All of this didn't exist when we made our initial modeling decisions around supporting data representation. We should revisit this decision, and consider alternatives that may be more appropriate/relevant and now feasible to implement in the current landscape.

mbrush commented 1 year ago

As of now, we have yet to implement more than a handful of specific supporting data properties in Biolink. The list below mainly reflects those created in response to specific KP requests:

General/test properties we implemented long ago

Slots created specifically for the COHD use case

Slots created specifically for the TMKP use case

But I think many KPs are still using bespoke / non-Biolink properties as Attribute keys, and/or using more general Biolink edge properties like has evidence, or has numeric value, and then indicating the value type elsewhere.

In the short term (for the September release) – should we go ahead and create dedicated data-type specific edge properties in Biolink? If so, how do we decide what properties to create . . . the spreadsheet linked in the comment above is likely way out of date. Can we get a new set of KP requests?

A few open questions re defining these properties:

mbrush commented 1 year ago

If we want to continue down the 'one edge property per data type' approach - we need to catalog and create these edge properties, give them clear definitions, and provide examples/documentation that is accessible to users from the UI - so it is clear how a data value hanging form an Edge relates to the knowledge expressed in the Edge.

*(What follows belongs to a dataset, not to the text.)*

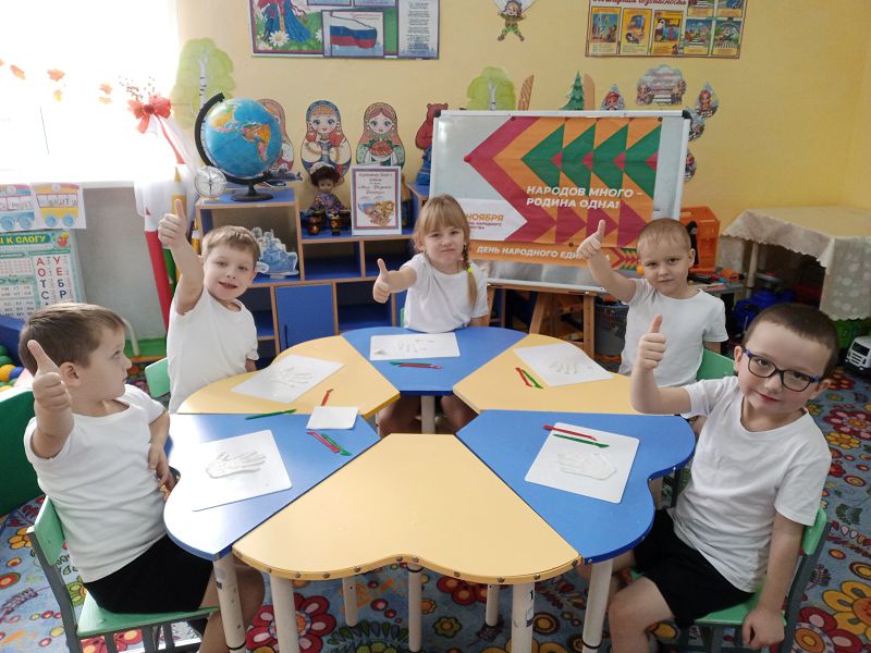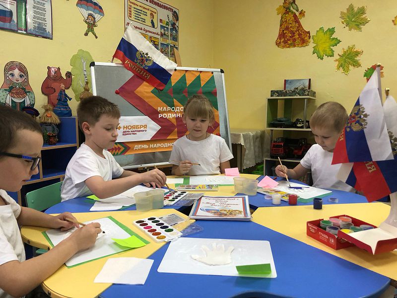 Дети познакомились с историей возникновения праздника и подвигами наших предков во имя независимости Родины. Ребята вспомнили национальности людей, которые проживают на территории нашей необъятной России, рассмотрели их национальные костюмах, выяснили, что сила России заключается в том, что люди разных национальностей живут вместе и дружно.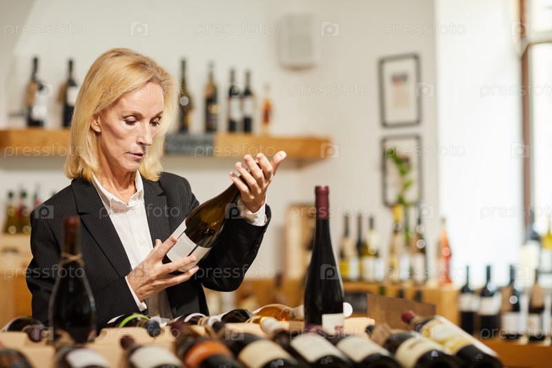 Женщина-соммелиер, выбирающая вино

However, IMO we should consider if we want to explore a different paradigm that do not require creation of potentially hundreds of datatype-specific edge properties in the Biolink Model. e.g.:

  1. Leverage the nesting capability of Attributes so that information about the data type and/or its utility/interpretation int he context of an edge can be nested below the data value.
  2. Consider leveraging the SupportingStudy modeling pattern that has been applied to capture supporting data for COHD and TMKP edges, in all cases where we want to report supporting data values. This pattern provide leverages Attribute nesting to create a structure that contextualizes the data values .
  3. Extend the existing Attribute schema with additional field(s) that can capture the data type and/or its utility/interpretation int he context of an edge can be nested below the data value.
  4. Defining a new structure/object dedicated to representing supporting data (similarly to the dedicated structures we have created for Qualifiers and Retrieval Sources, to replace the use of Attributes for this metadata).